Текст книги "Ветры славы"
Автор книги: Борис Бурлак
Жанр:
Военная проза
сообщить о нарушении
Текущая страница: 2 (всего у книги 8 страниц)
В полдень двадцать третьего августа полки 223-й дивизии вышли за пределы второй оборонительной полосы противника и на какое-то очень короткое время остановились.
Мехтиев интуитивно ощутил, что сейчас будет включена третья скорость наступления, которая именуется преследованием. Он не ошибся: не только дивизия, весь 68-й корпус, вся 57-я армия тут же начали преследование на широком фронте.
После трехдневных боев пехота, измоталась, солдаты едва держались на ногах – им бы хоть немного передохнуть до вечера, еще лучше – до глубокой ночи. Однако на войне за живых отдыхают одни мертвые, а живым, не теряя ни часа, надо непременно довести начатое дело до конца.
Преследование – марафонский бег к победе.
По всем дорогам, большим и малым, устремляются наступающие войска к тем последним рубежам, где через денек-другой или, в крайнем случае, на третий день все будет кончено. Довольно часто этот бег действительно напоминает большой марафон, тем более если противник, не успев оторваться от преследующих хотя бы на считанные часы, вынужден отходить по соседним – параллельным – дорогам на виду у тех, кого он боится больше самой смерти. И странно, между ними редко возникают в пути серьезные стычки: каждая из сторон стремится выиграть время, особенно терпящая поражение, – для нее такой выигрыш равноценен жизни…
Обо всем этом и размышлял Мехтиев на путевом досуге, находясь в голове рядового армейского стрелкового полка, который с недавнего времени незаметно приобрел и некоторые привилегии – стал моторизованным за счет трофейных автомобилей (а начинал на Кавказе свой долгий путь с караваном верблюдов в полковом обозе).

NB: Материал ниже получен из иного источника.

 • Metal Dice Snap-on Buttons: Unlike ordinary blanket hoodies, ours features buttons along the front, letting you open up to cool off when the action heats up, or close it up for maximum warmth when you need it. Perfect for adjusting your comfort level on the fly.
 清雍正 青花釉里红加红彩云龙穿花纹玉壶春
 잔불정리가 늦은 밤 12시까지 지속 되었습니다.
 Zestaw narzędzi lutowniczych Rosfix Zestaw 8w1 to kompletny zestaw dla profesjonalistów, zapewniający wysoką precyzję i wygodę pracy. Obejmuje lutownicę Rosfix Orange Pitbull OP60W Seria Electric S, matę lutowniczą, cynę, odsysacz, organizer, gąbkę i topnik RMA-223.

Мехтиев нет-нет да и оглядывался назад, стремясь запомнить остывающее поле боя. Сначала там, на востоке, Днестр ослепительно посверкивал на крутых излуках, точно обнаженными клинками скакавших вдоль реки всадников Котовского. Но потом все скрылось навсегда за пойменными лесами, похожими на синеватую гряду облаков, спустившихся на мертвые заднестровские плацдармы.

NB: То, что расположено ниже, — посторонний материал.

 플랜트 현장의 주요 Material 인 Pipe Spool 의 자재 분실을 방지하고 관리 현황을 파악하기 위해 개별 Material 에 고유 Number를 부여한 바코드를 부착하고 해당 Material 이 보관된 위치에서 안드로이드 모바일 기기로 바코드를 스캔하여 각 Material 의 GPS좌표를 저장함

А вокруг лежала знойная бессарабская степь, где гребень каждой балки – как гребни волн: вверх-вниз, вверх-вниз. Чудилось, эти крупные волны, неровен час, захлестнут новенький «оппель-капитан», как утлую лодчонку, и ему уже не всплыть, не подняться на седую гриву следующего увала. Но удивительно легко то исчезают в степной пучине, то снова появляются на склонах балок не только трофейные «амфибии», но и тяжелые «студебеккеры» с гаубицами и пушками на прицепе.
Все рвутся вперед, хотя, чем дальше, тем гуще становятся колонны, сбиваясь с полевых ненаезженных дорог на столбовые большаки. Кое-где образуются пробки, и солдаты, пользуясь случаем, немедленно засыпают хотя бы на несколько минут. В воздухе господствует родная авиация: опасаться некого этому скоплению машин.
И какая даль, куда ни глянь! Какая августовская благодать на земле и в небе! Хочешь – вдоволь полакомись белым или розовым спелым виноградом, а хочешь утолить жажду – так припади к родниковому ручью: ледяная водица вкуснее домашнего рислинга. Однако солдаты хотят спать, только спать, и ничего больше.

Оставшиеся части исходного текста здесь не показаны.